Carl pasó la mano por encima del hombro de su madre e hizo algo con el ratón. Don, mientras, bajó el volumen de la tele, lo que le valió un petulante «¡eh!» de Emily.

—Es una parrilla X-Y-Z —dijo Sarah. Abrió Firefox y accedió a uno de los incontables sitios que tenían colgado el mensaje draco—. Estoy segura. Están definiendo la colocación de los términos.

—¿En un mapa? —dijo Don.

—¿Qué? No, no, no. En un mapa no… ¡en el espacio! Es como un lenguaje descrito en una página en 3-D. Ya sabes, como el Postscript, pero para documentos que no tienen sólo altura y anchura, sino también profundidad. —Tecleó rápidamente—. Si puedo encontrar los parámetros del volumen definido y…

Siguió tecleando. Don y Carl permanecieron a su lado, observando embelesados.

—¡Maldita sea! —dijo Sarah—. No es cúbico… eso sería demasiado sencillo. Un prisma rectangular entonces. Pero ¿de qué dimensiones?

El cursor del ratón corría por la pantalla como un cohete pilotado por un científico loco.

—Bien —dijo ella, evidentemente hablando sola—. Si no son números enteros, podrían ser raíces cuadradas…

—¿Papi…?

Don se volvió. Emily lo miraba con los ojos como platos.

—¿Sí, cariño?

—¿Qué hace mami?

El la miró de nuevo. Sarah había puesto en marcha un programa gráfico; sospechó que en aquel momento su mujer se alegraba de haber comprado la tarjeta de alta resolución que Carl había pedido para poder jugar a sus juegos.

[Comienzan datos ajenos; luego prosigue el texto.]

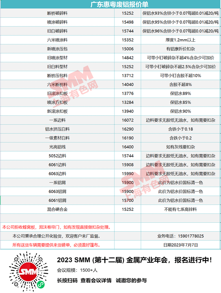 7月7日广东惠粤 废铝收购报价

—Creo —dijo Don, volviéndose hacia su hija— que está haciendo historia.

SEGUNDA PARTE

13

¡Volver a ser joven! Mucha gente lo había deseado a lo largo de los años, pero Donald Halifax lo había conseguido… y era maravilloso. Sabía que su fuerza y su resistencia habían menguado a lo largo de las décadas pero, como había sido de manera gradual, no se había dado cuenta de cuánto había perdido. Sin embargo, en los últimos seis meses lo había recuperado de sopetón, y el contraste resultaba asombroso: era como estar saturado de cafeína todo el tiempo. Vitalidad, eso era, y aunque usaba la palabra «vitalidad» a menudo jugando a Scrabble, en realidad no sabía lo que significaba exactamente, así que se lo preguntó a su datacom. «Eficacia de las funciones vitales, energía, vigor», le dijo la máquina.